Image: Open WebUI GitHub

For Python, use the standard openai library:

from openai import OpenAI

client = OpenAI(
    base_url="http://localhost:11434/v1",
    api_key="ollama"  # any string works
)

response = client.chat.completions.create(
    model="gemma4:26b",
    messages=[{"role": "user", "content": "Review this function for bugs"}]
)

For per-model customization, create an Ollama Modelfile to set system prompts, temperature, and context window size. This is useful when you want the 26B to behave as a code reviewer with specific instructions, or the E4B to act as a writing assistant with a particular tone.

Troubleshooting Common Issues

Flash Attention hangs on large prompts (31B): The 31B Dense model can hang indefinitely during prompt evaluation when prompts exceed 3-4K tokens with Flash Attention enabled. The fix is to set OLLAMA_FLASH_ATTENTION=0 and restart Ollama. The 26B MoE variant is not affected.
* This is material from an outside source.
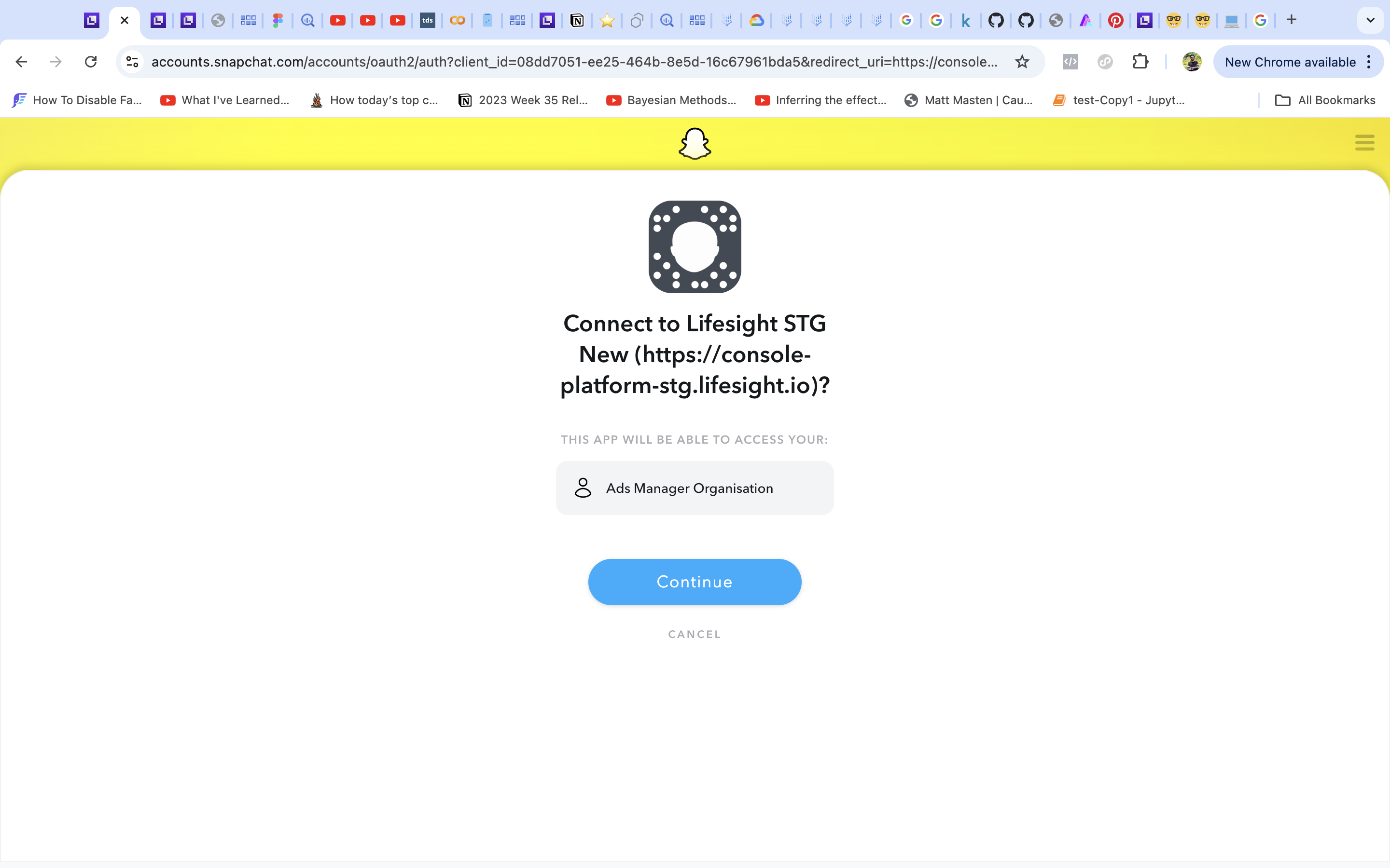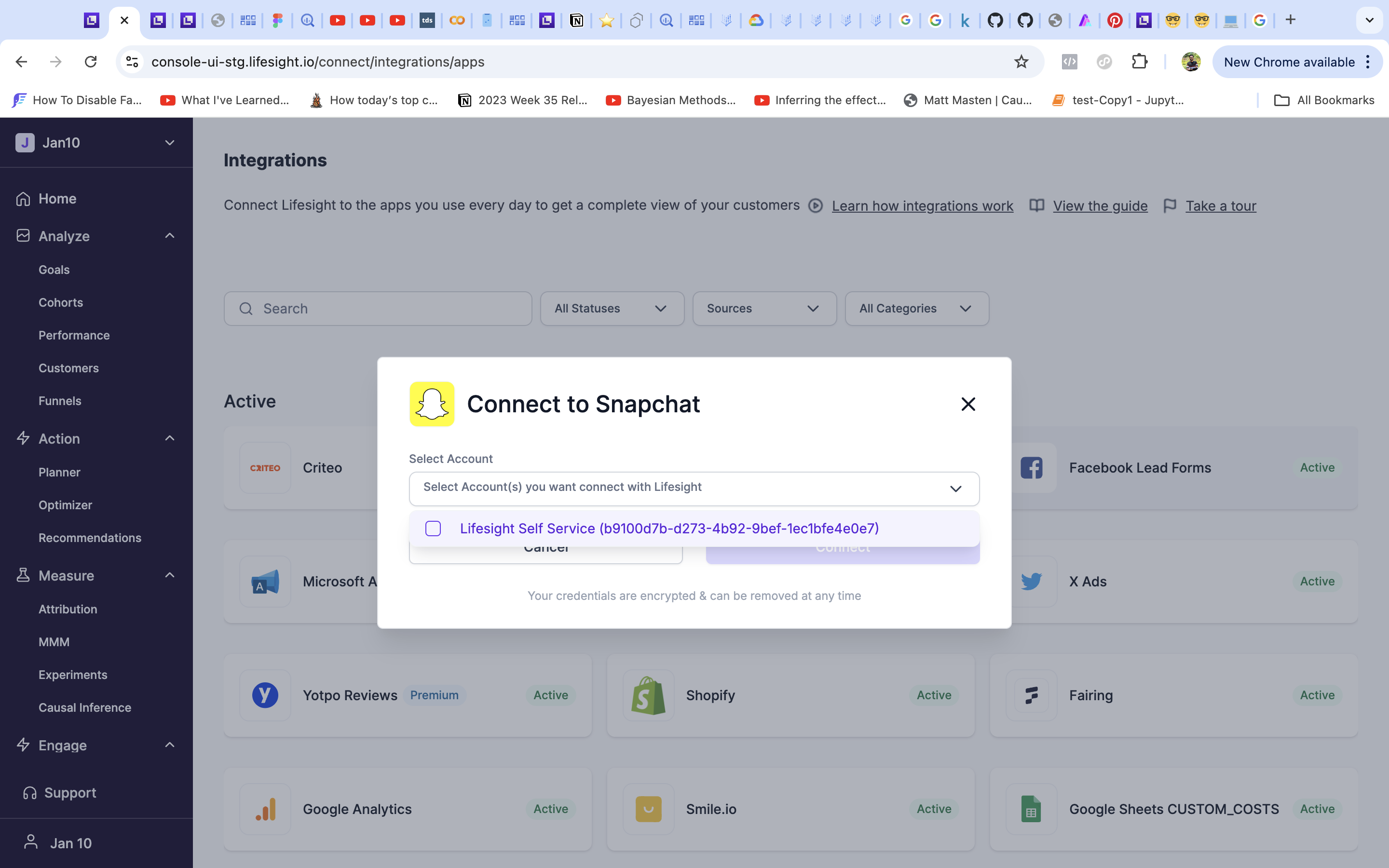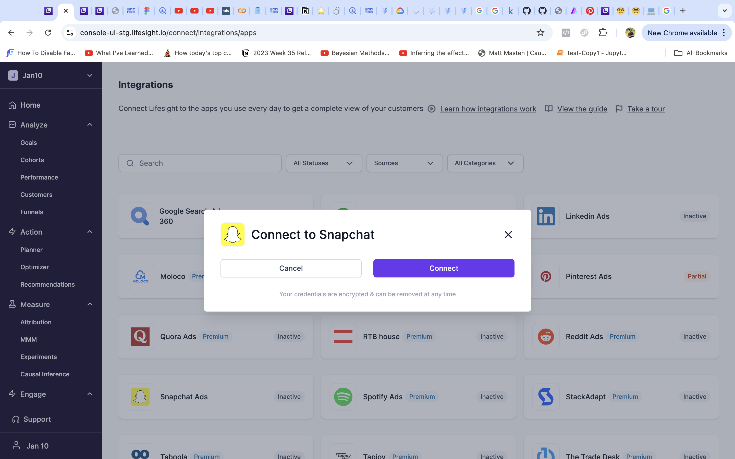 - Click on the Snapchat tile and click on the "Connect" button to begin the integration process.

Out of memory errors: If the model fails to load or gets killed by the OOM reaper, you are likely on insufficient hardware. The 26B needs at minimum 32 GB of unified memory on Apple Silicon - 16 GB will not work even with aggressive quantization. On NVIDIA GPUs, check that no other processes are consuming VRAM with nvidia-smi.

Slow first token: On Apple Silicon with Ollama v0.19 and later, Gemma 4 uses the MLX backend for better performance. If generation feels sluggish, confirm you are on the latest Ollama version and close memory-hungry applications. Browsers with dozens of tabs are the usual culprit on Macs with unified memory.

Tool calling issues: As of Ollama v0.20.0, Gemma 4 tool calling has known issues where the tool call parser fails and streaming drops calls entirely. If you need reliable function calling, pin to Ollama v0.19.x or set "reasoning": false in your model config.

Model not found after pull: If ollama run gemma4:26b says the model is not found immediately after pulling, restart the Ollama service. Early versions (pre-0.19) had a race condition during model registration that has since been fixed.

Keep Ollama updated. The Gemma 4 integration has gotten noticeably better across the v0.19 and v0.20 releases, and Google continues working with the Ollama team on performance patches.